ABOUT THIS TASK — Only the pictures stay out; please return all the entries below exactly as written.

Excerpts from a dataset
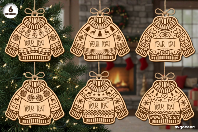 Christmas Sweater Ornaments SVG Bundle | Laser Cut | SVG
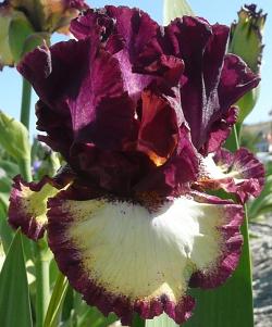 Ирис высокий бородатый Class Ring (Класс Ринг). Невероятный красавец! Стандарты рубиновые. Фолы белые с широкой каймой цвета стандартов. Бородка коричневато-бордовая. Роскошно гофрирован. Кружевной. Ранне-среднего срока цветения. Высота 91 см. Есть награды.
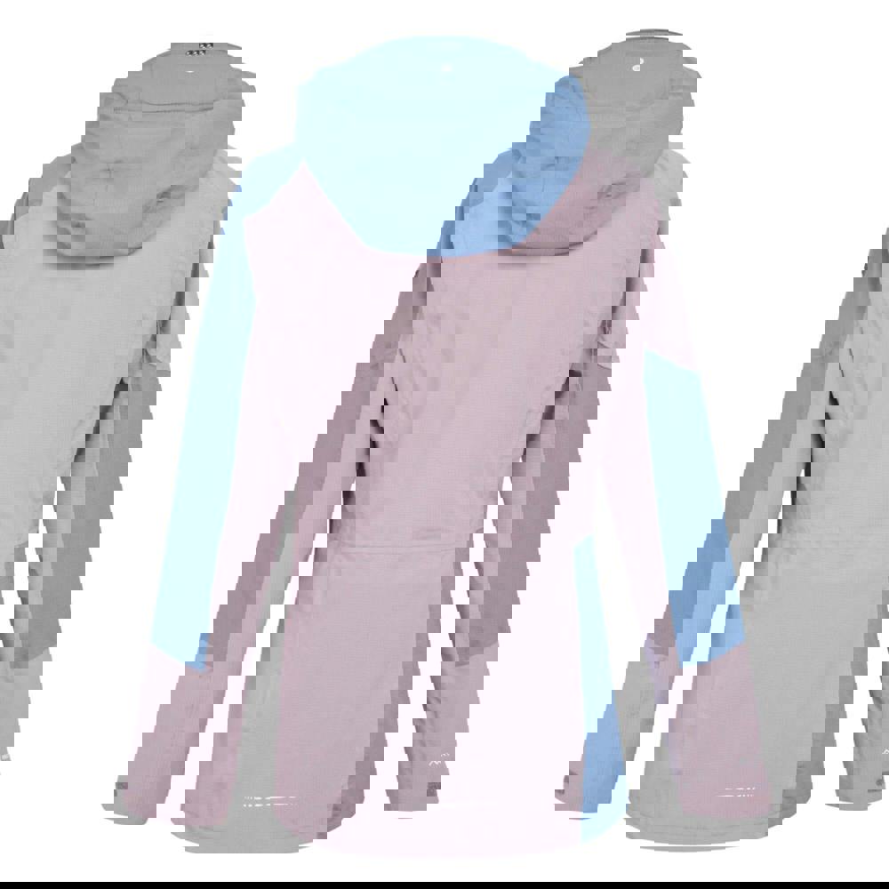 The hooded neckline includes a standing collar and a grown-on technical hood with a wired peak and concealed toggle adjuster. Practical details include an inner zip guard, underarm zips for ventilation, and touch fastening tabs at the cuffs. Two zipped side pockets keep essentials secure, and a water repellent zip completes the front fastening.
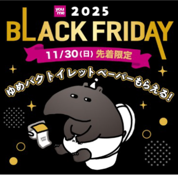 11月30日(日)先着限定「ゆめバク」トイレットペーパー進呈!ゆめタウン・ゆめマートのブラックフライデーキャラクター「ゆめバク」デザインのトイレットペーパーをプレゼントします。
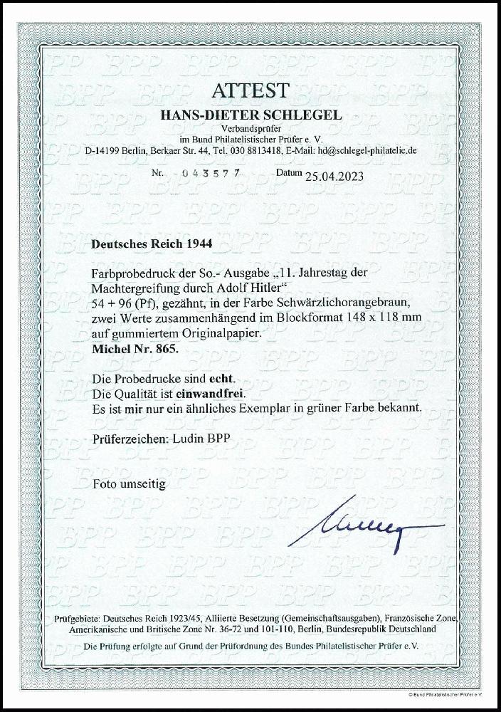 | Zusatzinformationen und Suchstichworte: | Dr. Reinhard Fischer 193. Auktion 21. - 22. Juli 2023 Los 2041 Deutsches Reich, 1933/45 Drittes Reich 54 + 96 Pfennig "11. Jahrestag der Machtergreifung durch Adolf Hitler", Farbprobedruck in schwärzlichorangebraun, gezähnt, zwei Werte zusammenhängend im Blockformat 148 x 118 mm auf gummiertem Originalpapier, geprüft Ludin BPP und Fotoattest H.-D. Schlegel BPP (2023): "Die Qualität ist einwandfrei. Es ist mir nur ein ähnliches Exemplar in grüner Farbe bekannt." Ausruf 2.500,00 EUR |
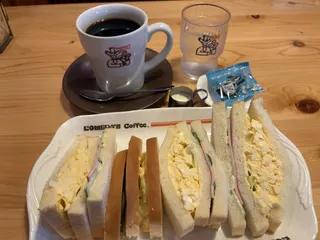 雪❄が降る前にモーニング 今日は雪❄予報が出ていますので足元気をつけて歩いて下さいね😊いつもの2番モーニングとコールスローとミニサラダを食べました。無性にホットドックを食べたくなりパンが柔らかいから食べてしまいます。その後は…お持ち帰りでチーズカリートーストとエビカツサンドをテイクアウトしました。家でお昼ご飯に食べる予定です
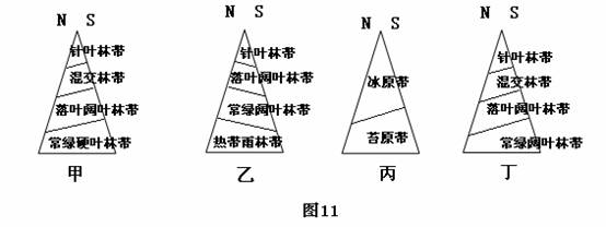 38.图11是某四座山垂直自然带分布示意图,读图回答下列问题。(8分)

WORKED SOLUTION —
 Christmas Sweater Ornaments SVG Bundle | Laser Cut | SVG
 Ирис высокий бородатый Class Ring (Класс Ринг). Невероятный красавец! Стандарты рубиновые. Фолы белые с широкой каймой цвета стандартов. Бородка коричневато-бордовая. Роскошно гофрирован. Кружевной. Ранне-среднего срока цветения. Высота 91 см. Есть награды.
 The hooded neckline includes a standing collar and a grown-on technical hood with a wired peak and concealed toggle adjuster. Practical details include an inner zip guard, underarm zips for ventilation, and touch fastening tabs at the cuffs. Two zipped side pockets keep essentials secure, and a water repellent zip completes the front fastening.
 11月30日(日)先着限定「ゆめバク」トイレットペーパー進呈!ゆめタウン・ゆめマートのブラックフライデーキャラクター「ゆめバク」デザインのトイレットペーパーをプレゼントします。
 | Zusatzinformationen und Suchstichworte: | Dr. Reinhard Fischer 193. Auktion 21. - 22. Juli 2023 Los 2041 Deutsches Reich, 1933/45 Drittes Reich 54 + 96 Pfennig "11. Jahrestag der Machtergreifung durch Adolf Hitler", Farbprobedruck in schwärzlichorangebraun, gezähnt, zwei Werte zusammenhängend im Blockformat 148 x 118 mm auf gummiertem Originalpapier, geprüft Ludin BPP und Fotoattest H.-D. Schlegel BPP (2023): "Die Qualität ist einwandfrei. Es ist mir nur ein ähnliches Exemplar in grüner Farbe bekannt." Ausruf 2.500,00 EUR |
 雪❄が降る前にモーニング 今日は雪❄予報が出ていますので足元気をつけて歩いて下さいね😊いつもの2番モーニングとコールスローとミニサラダを食べました。無性にホットドックを食べたくなりパンが柔らかいから食べてしまいます。その後は…お持ち帰りでチーズカリートーストとエビカツサンドをテイクアウトしました。家でお昼ご飯に食べる予定です
 38.图11是某四座山垂直自然带分布示意图,读图回答下列问题。(8分)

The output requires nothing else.